* **Recorded data**:
>>>

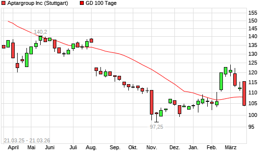 Mit dem Rücksetzer auf 106,90 EUR hat die AptarGroup-Aktie am 20.03.2026 die 100-Tage-Linie nach unten gekreuzt.
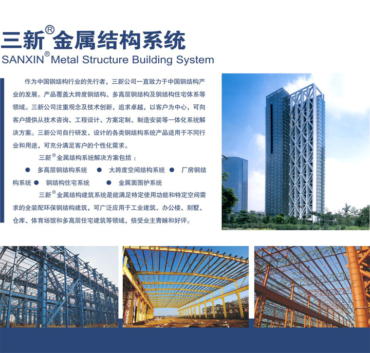三新集團(tuán)是國(guó)內(nèi)知名的金屬結(jié)構(gòu)建筑系統(tǒng)、建筑幕墻系統(tǒng)、開放式金屬幕墻系統(tǒng)、索膜結(jié)構(gòu)系統(tǒng)設(shè)計(jì)、制作、施工及咨詢服務(wù)...
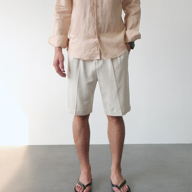 GBHP亚麻老钱极简宽松休闲短裤男士夏季慵懒感双褶透气五分裤西裤

<<<

Without the pictures, write out the whole listing exactly as it appears.

* **Your response**:
 Mit dem Rücksetzer auf 106,90 EUR hat die AptarGroup-Aktie am 20.03.2026 die 100-Tage-Linie nach unten gekreuzt.
三新集團(tuán)是國(guó)內(nèi)知名的金屬結(jié)構(gòu)建筑系統(tǒng)、建筑幕墻系統(tǒng)、開放式金屬幕墻系統(tǒng)、索膜結(jié)構(gòu)系統(tǒng)設(shè)計(jì)、制作、施工及咨詢服務(wù)...
 GBHP亚麻老钱极简宽松休闲短裤男士夏季慵懒感双褶透气五分裤西裤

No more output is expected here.